I
Deverão a Europa, no seu todo e a Ucrânia, em particular, na pessoa de Zelensky, participar nas negociações que estão a ter lugar entre os EUA e a Rússia visando-se pôr termo ao conflito militar que em terras ucranianas e, também, russas vem ocorrendo?
Talvez não, se considerarmos que o mesmo nunca foi, verdadeiramente, um conflito entre a Ucrânia e a Rússia, mas sim entre os EUA dum Biden e esta, em disputas geoestratégicas, económicas e energéticas, com aqueles utilizando os ucranianos como simples carne para canhão e a Europa como sua mera serviçal.

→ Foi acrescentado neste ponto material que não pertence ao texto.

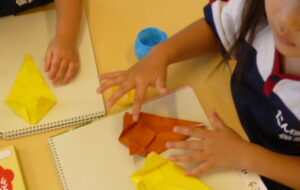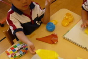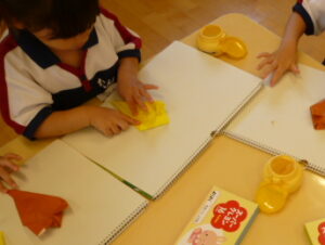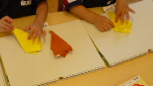9/13(水)【わくわくC】<制作>折り紙*きつね 2023/09/13 先日の運動会へのご参加、ありがとうございました。台風接近でやきもきしましたが、暑すぎもせず楽しく無事に終えることができました。 朝晩涼しさも感じられるように。秋がすぐそこまで来ていますね。 今日の折り紙制作も、秋らしいものを折りました。かわいい黄色いきつねと茶色いきつねがC組のお部屋をにぎやかに飾り立ててくれています。 ▼こんこん、きつね。 わくわくC組 松下
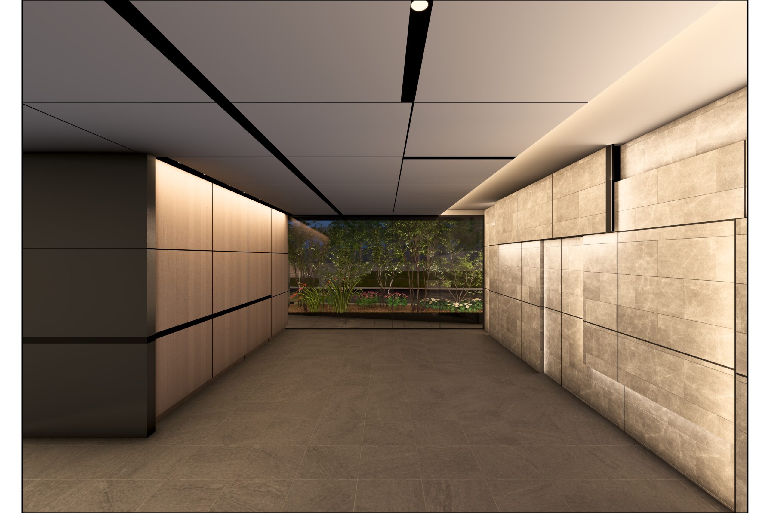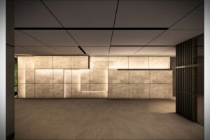 天然石を用いた仕上げや、天井と壁を連続させる目地の構成により、空間全体の印象を丁寧に整えた。

Depois, para além de se perguntar quem, exatamente, deveria representar a Europa (há países que não fazem parte da União Europeia, para se dizer que poderia ser um António Costa, uma Úrsula Van der Leyen ou uma Kaja kallas), como pretender que os russos aceitassem, sem mais, tê-la à mesa das negociações, quando já foram enganados por uma Alemanha e uma França, nas pessoas duma chanceler Merkel e dum presidente Hollande, nos dois acordos de Minsk por eles subscritos, já que nunca tiveram intenção de os respeitar, mas, apenas, dar tempo à Ucrânia para esta se armar, como os próprios vieram, recentemente, a reconhecer?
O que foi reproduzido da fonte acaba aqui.